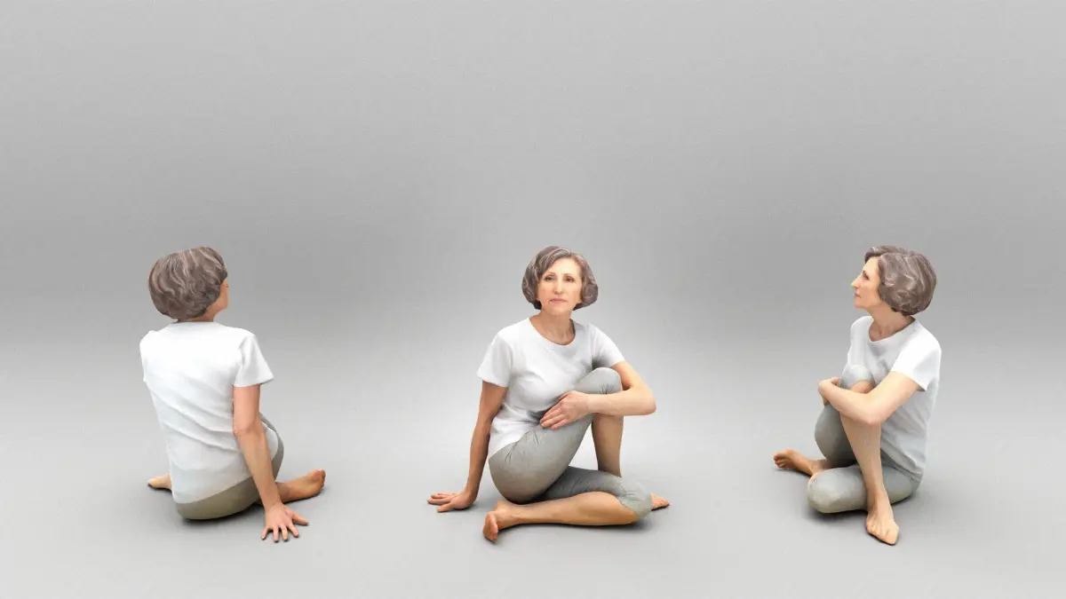 This is a true human-sized and detailed model of a sporty beautiful woman of Caucasian appearance dressed in sportswear. The model is captured in a casual pose to perfectly match various architectural and product visualizations, as a background or mid-sized character on a sports ground, fitness room, gym, beach, park, VR/AR content, etc.
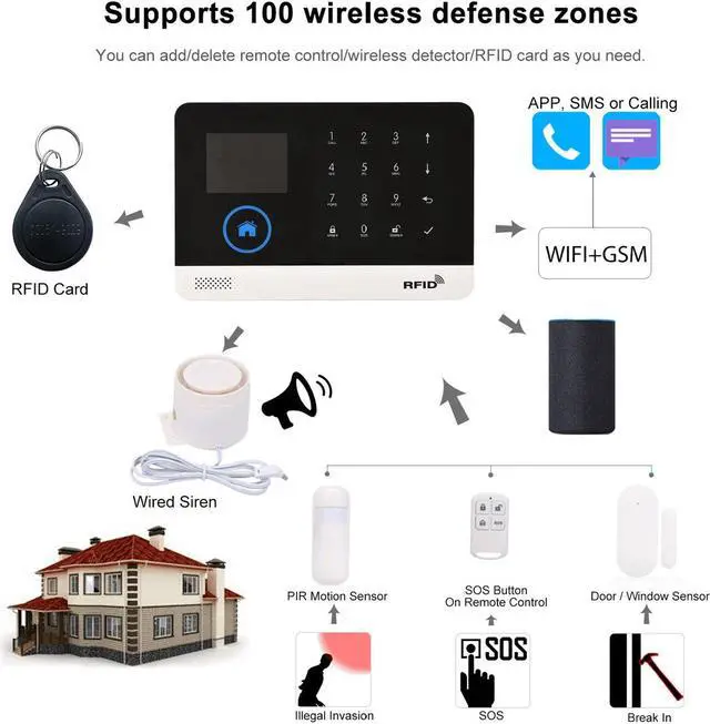 Number of Zones:100:Features:433MHz Wireless WIFI + GSM
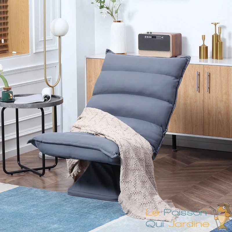 Fauteuil Design, Chill et Relax en Tissu GRIS / BLEU
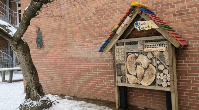 Am nächsten Tag haben wir die Steine in der Nähe der Schule verteilt.
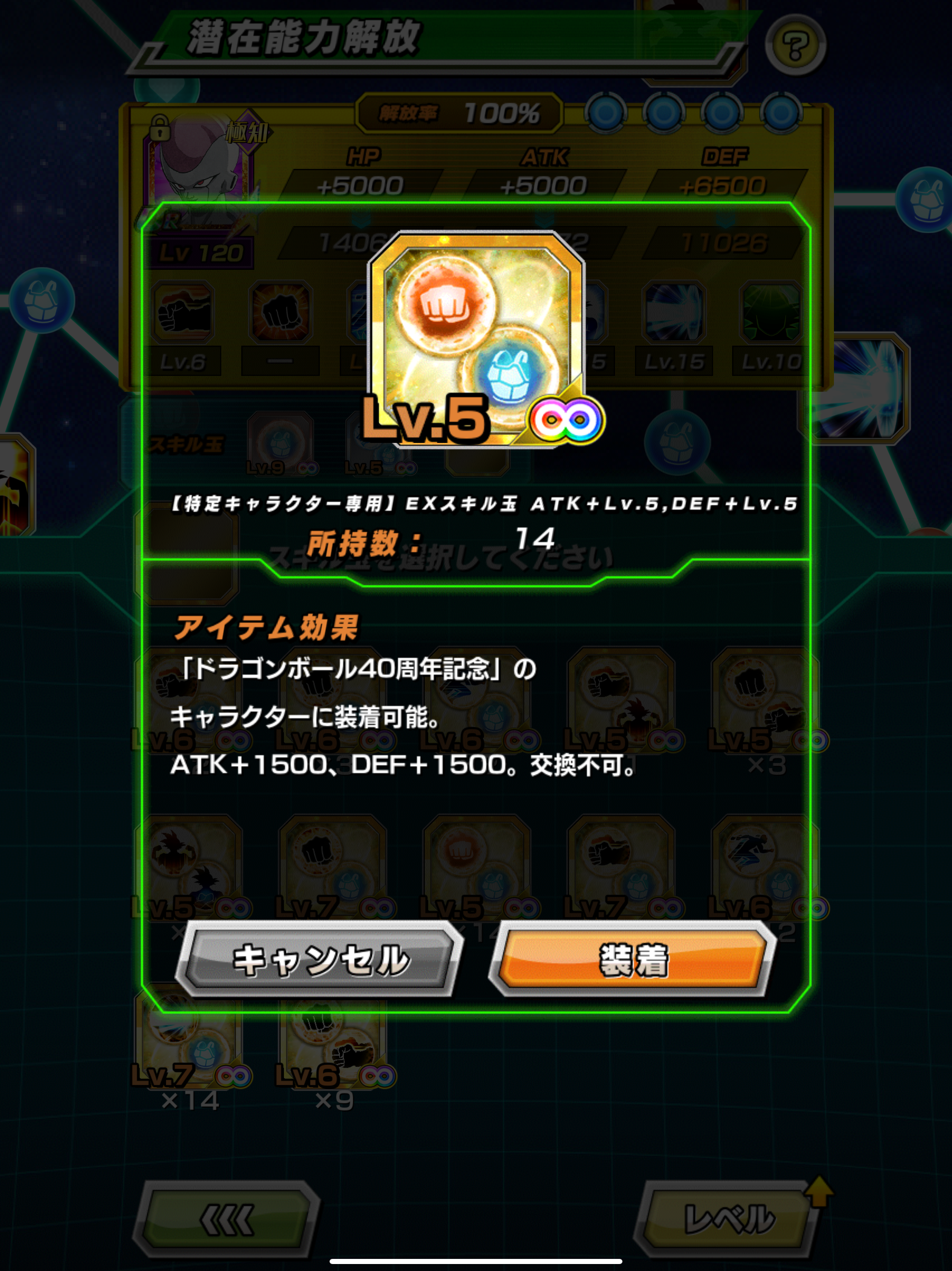 フリーザなんかも『DB40周年チーム』で使うなら重要なダメージソースなので金の『ATK+1,500&DEF+1,500』は是非とも欲しいですが、他の編成で3枠目の回避サポーターとして使うなら火力など全く不要なので金は『回避+Lv.6&DEF+1,200』の方が望ましいし、ケースバイケースで適切なEXスキル玉が異なるパターンも勿論あります。
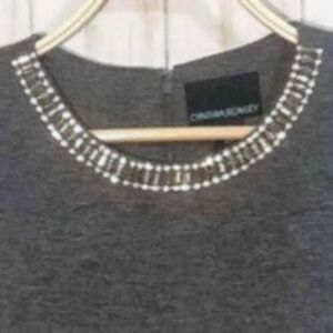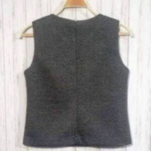 Charcoal gray sleeveless top with rhinestone embellishments across the scoop neckline. Concealed zipper down the back. Soft & lightweight feel. Fully lined. There are 4 missing rhinestones, however it is very hard to notice. Otherwise Great Condition.
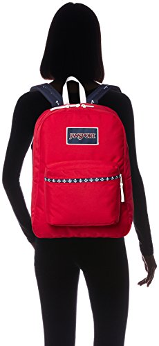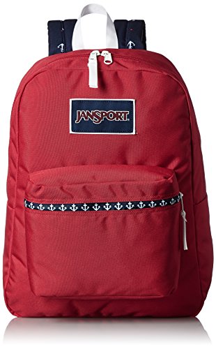 -. Title : JanSport Womens Classic Mainstream High Stakes Backpack - Red Tape/Land Ahoy / 16.7"H X 13"W X 8.5"D
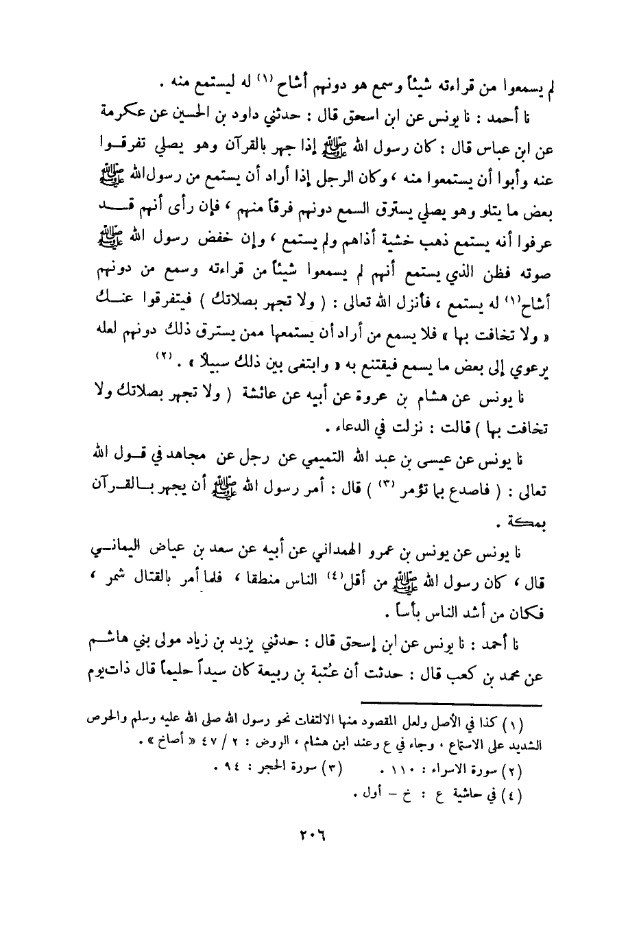نا أحمد: نا يونس عن ابن إسحق قال: حدثني داود بن الحسين عن عكرمة عن ابن عباس قال: كان رسول الله صلى الله عليه وسلم إذا جهر بالقرآن وهو يصلي تفرقوا عنه وأبوا أن يستمعوا منه، وكان الرجل إذا أراد أن يستمع من رسول الله صلى الله عليه وسلم بعض ما يتلو وهو يصلي يسترق السمع دونهم فرقاً منهم، فإن رأى أنهم قد عرفوا أنه يستمع ذهب خشية أذاهم ولم يستمع، وإن خفض رسول الله صلى الله عليه وسلم صوته فظن الذي يستمع أنهم لم يسمعوا شيئاً من قراءته وسمع من دونهم أشاح «2» له يستمع، فأنزل الله تعالى: (وَلا تَجْهَرْ بِصَلاتِكَ) فيتفرقوا عنك «وَلا تُخافِتْ بِها» فلا يسمع من أراد أن يستمعها ممن يسترق ذلك دونهم لعله يرعوي إلى بعض ما يسمع فيقتنع به «وَابْتَغِ بَيْنَ ذلِكَ سَبِيلًا» . «3»
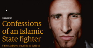 Lladrovci spent a year on the battlefield in Syria before returning to Kosovo. He was imprisoned for three years – technically for hate speech, not for his activities with IS – then went back to Obilic. His only regret, he says, is having left Syria in the first place. “I would return tomorrow if I could,” he says. A higher share of Kosovo’s population has travelled to Syria to join IS than that of any other country. Between 2014 and 2016, more than 300 made the journey to Syria from one of Europe’s poorest states, according to the New York Times.
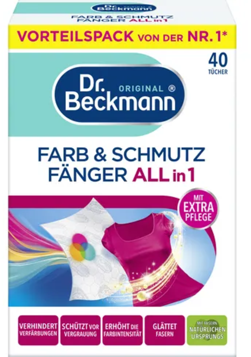 A Dr. Beckmann Szín- és koszfogó kendő All-in-1 alkalmas mintás és csíkos, többszínű ruhadarabokhoz, vagy fehér ruhákkal vegyes mosáshoz!

§ **PROBLEM DETAILS**
Could the stretch from the line with "Fauteuil Design, Chill" through the line with "フリーザなんかも『DB40周" in the listing above be restated word for word, minus the pictures?

§ **YOUR RESPONSE**
 Fauteuil Design, Chill et Relax en Tissu GRIS / BLEU
 Am nächsten Tag haben wir die Steine in der Nähe der Schule verteilt.
 フリーザなんかも『DB40周年チーム』で使うなら重要なダメージソースなので金の『ATK+1,500&DEF+1,500』は是非とも欲しいですが、他の編成で3枠目の回避サポーターとして使うなら火力など全く不要なので金は『回避+Lv.6&DEF+1,200』の方が望ましいし、ケースバイケースで適切なEXスキル玉が異なるパターンも勿論あります。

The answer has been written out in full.